- Trade advertisement
- Directed by: Paul Merzbach
- Written by: Paul Merzbach; Harold Simpson; Frank Miller; Jack Davies;
- Produced by: Julius Haimann
- Starring: Marian Marsh; Anthony Bushell; Claude Hulbert;
- Cinematography: Jack E. Cox; Phil Grindrod;
- Edited by: John Neill Brown
- Music by: Mischa Spoliansky
- Production company: Radius Films
- Distributed by: Wardour Films
- Release date: 21 March 1934;
- Running time: 65 minutes
- Country: United Kingdom
- Language: English

= Love at Second Sight (1934 film) =

1934 film

Love at Second Sight (U.S. title: Girl Thief ) is a 1934 British romantic comedy film directed by Paul Merzbach and starring Marian Marsh, Anthony Bushell and Claude Hulbert. It was written by Merzbach, Harold Simpson, Frank Miller and Jack Davies, and was shot at Elstree Studios in Hertfordshire as a quota quickie. The film's sets were designed by the art director David Rawnsley.

== Preservation status ==
The British Film Institute National Archive holds a collection of ephemera and stills but no film or video materials.

== Plot ==
Allan has invented the inexhaustible match, and hopes to sell his invention to Macintosh, the match magnate. He falls for Juliet, not knowing that she is Macintosh's daughter. He gets his friend Bill to write a song which will attract Juliet to him. When the song is broadcast, Juliet falls in love with Bill, not Allan.

==Cast==
- Marian Marsh as Juliet
- Anthony Bushell as Bill
- Claude Hulbert as Allan
- Ralph Ince as Mackintosh
- Joan Gardner as Evelyn
- Stanley Holloway as PC
- Neil Kenyon as Uncle Angus
- E. Vivian Reynolds as butler
- John Singer as boy

== Reception ==
Kine Weekly wrote: "A romantic comedy with music which rather over-dresses its simple and not too well characterised story. Lack of proportionate balance, however, does not prevent many amusing situations visiting the development, and it is the manner in which they are handled by a sound Anglo-American cast that enables the film to build up adequate popular light entertainment. The songs are tuneful, and the treatment, even if rather ostentatious, is not without imagination and ideas."

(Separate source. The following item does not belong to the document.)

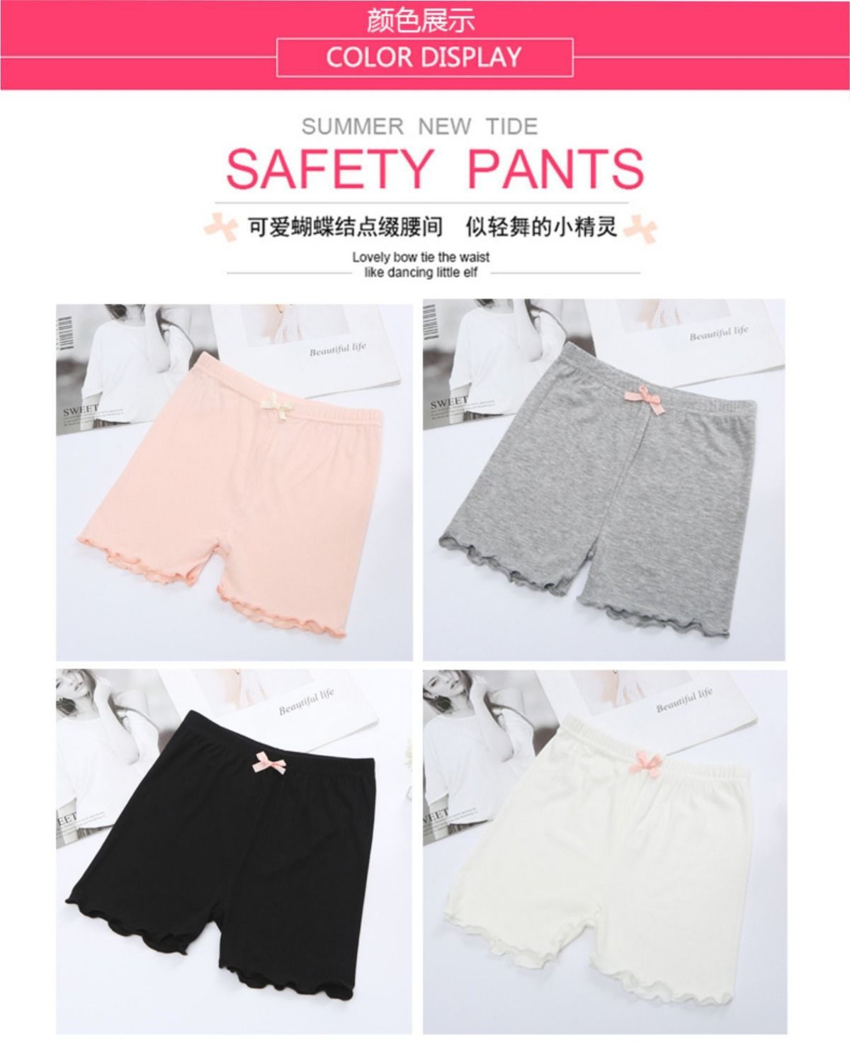 국경 간 폭발 소녀 안전 바지 안티 라이트 어린이 레깅스 모달 트리플 바지 나비 귀 가장자리 반바지스토어 가기

The Daily Film Renter wrote: "Plot introduces light humorous incident, aided by pleasingly sung melodies, but general development slow and uneventful, with effective portrayals by leading players. ... This picture comprises nothing more than a very slender plot, bolstered up with occasional comedy incident and a few tuneful melodies. It is not the sort of thing to make any great demand on an audience, but the pleasant manner in which it moves, assisted by the acting, which in the main is in keeping with the easy nature of the story, help to make it agreeable material for the easy-to-please."